Multiple Posterior Insula Projections to the Brainstem Descending Pain Modulatory System

Round 1

Reviewer 1 Report

Comments and Suggestions for Authors

The article outlines a small study to determine the presence of axonal projections from the posterior insular cortex to regions to the descending pain modulatory system (DPMS). tradditonal tracing between these regions has been done previously, thus the work is largely confirmatory, the novelty is, perhaps, the use of viral vectors that would offer follow up functional assessment of the pathways.

I have some comments and suggestions that are intended to improve the manuscript.

Introduction – the introduction is lacking in specific information about the insular cortex and its known anatomical connectivity to regions of the DPMS that have been found by previous work. The reader should understand what has been found previously, what the rationale for this current study was and why it will address a knowledge gap and/or build capacity for further work.

There should be some introduction of viral vector tracing, how it compares to traditional methods and why the authors chose this approach. It could be made clearer to the reader that using a CaMKII promotor will selectively transfect glutaminergic projections, why the authors chose this promotor as opposed to a non-selective promotor and how this related to what is known about the neurochemistry of projections from the posterior insular cortex.

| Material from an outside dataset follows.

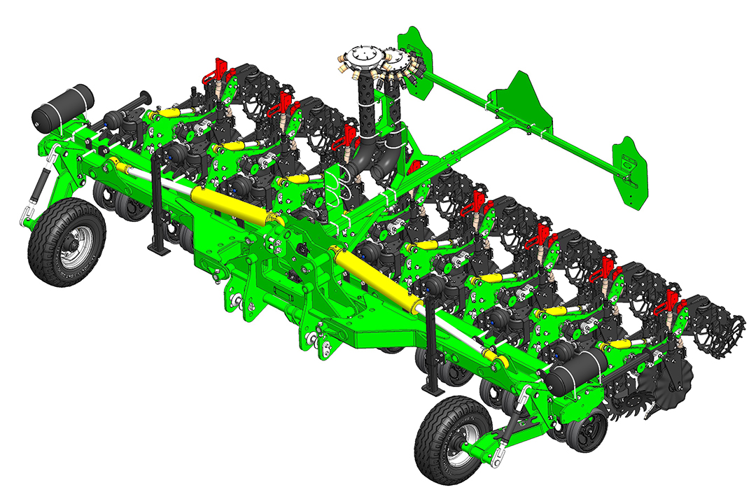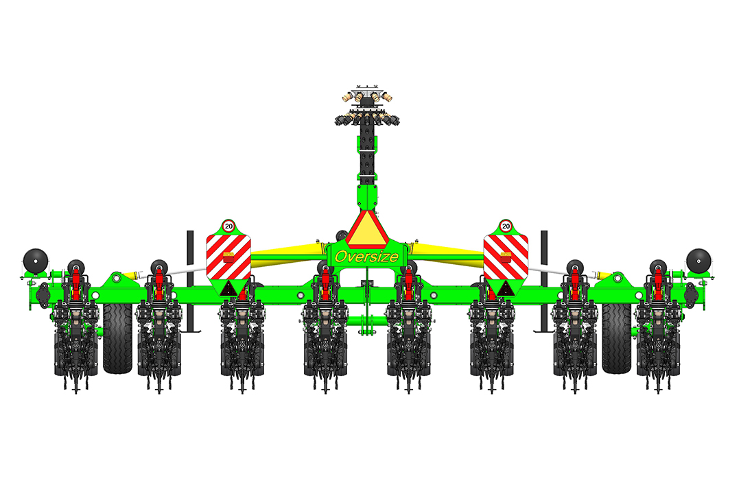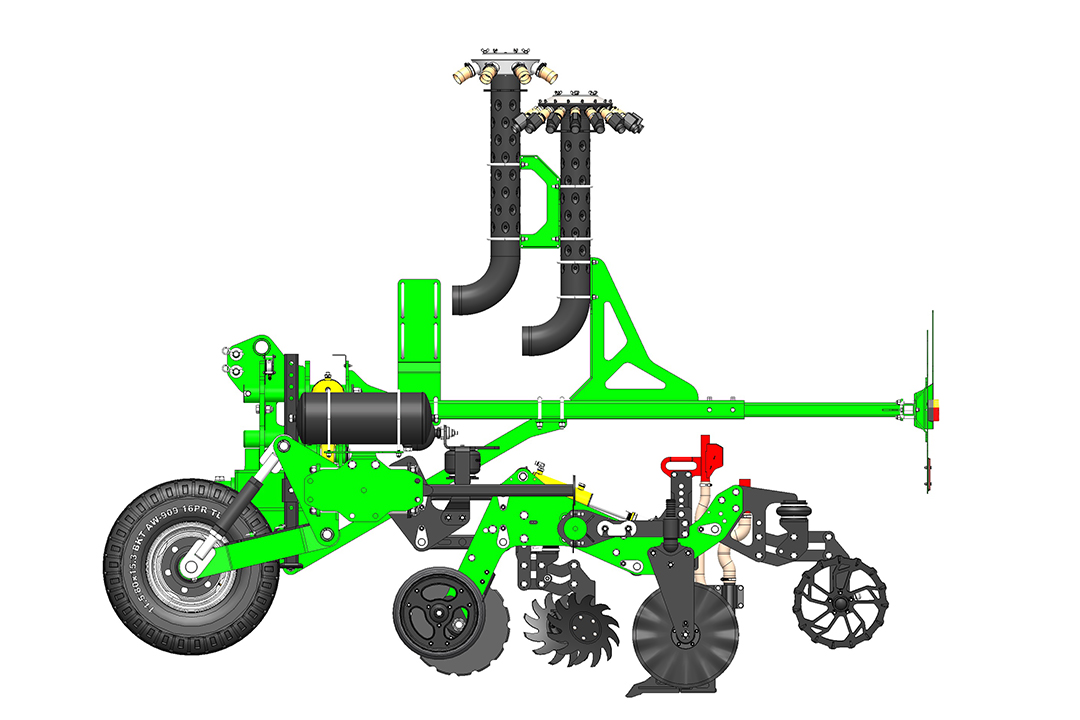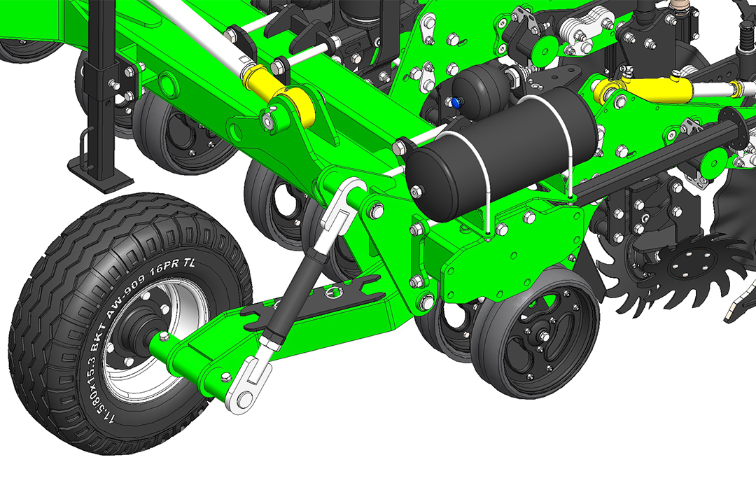 Die Sektion wird auf einem Parallelogramm mit einem pneumatischen Zusatzlader befestigt. Der Anpressdruck der festen Sektion gewährleistet eine konstante Arbeitstiefe und Düngerausbringung. Der größere Druck der auf der Traktorspur laufenden Teilbreiten kann separat eingestellt werden. Die gesamte Pneumatik wird von einem zentralen Bedienfeld in der Traktorkabine aus gesteuert.

To many words are given to explain the functional roles of regions of the DPMS that are not directly relevant to research carried out in the manuscript. This information would be better presented in the discussion to provide a broader context to interpret the findings.

 

Methods –  

Viral vector –  AAV8 vectors can travel both anterograde and retrograde (https://www.ncbi.nlm.nih.gov/pmc/articles/PMC9642939/), albeit not in equal proportion. There is a fair chance that you will find neuronal cell bodies in the regions you are tracing too. If so, this would confound interpretation of the source of these processes. You should make clear the presence or not of neuronal cell bodies in downstream regions of the DPMS. The implications of using AAV8 should be outlined in the discussion.

There is a lack of specific detail on the image analysis process used to quantify projections in the regions of the DPMS. From the information presented, neuronal process were manually traced from two 15um stacked images that were overlayed. The scarcity of criteria for, say, identification of positive labelling, minimum process length that was included in the analysis etc, would make it impossible to reproduce the method. This is the very purpose of the methods section and must be improved.

Its not clear why ImageJ processes for thresholding and background subtraction were not conducted that would have allowed for more sensitive detection of positive staining and provided parameter values that could have been quoted to improve reproducibility. Moreover, manually detecting and tracing positive staining would have likely been majorly impacted by computer monitor resolution and lighting conditions in the room at the time of analysis. I am concerned that details have been missed due to the manual approach used.

There is no detail of how spread of vector expression was detected, quantified and combined to provide composite image in figure 1

Experimental numbers – how many animals were excluded from the study?

 

Results –

Given the low number of animals used, individualized data should be presented to provide the reader good understanding of the variability.  

1)        Injection site– the tracing of projections will be determined by the delivery of tracer. The authors present a group average spread but this does not describe the variability between animals adequately. Individual animals should be presented. Moreover, spread of the vector does not adequately indicate the location of vector delivery as there will be tracing of neuronal processes that course within the structure. Hamilton syringes should leave a sizable tract lesion that should allow the authors to locate the site of vector delivery. It is this that will critically determine the anatomical connectivity of the region. This should be presented for each animal.

2)        Page 2 line 85. The authors quote “68-90 cell bodies” but this is impossible to interpret without more information. Please quote a group mean value and variability and provide information in the methods of how this number was obtained (e.g. counted in every serial section across the posterior insular? Or from 1 section in 3 - and therefore an underestimation, etc) 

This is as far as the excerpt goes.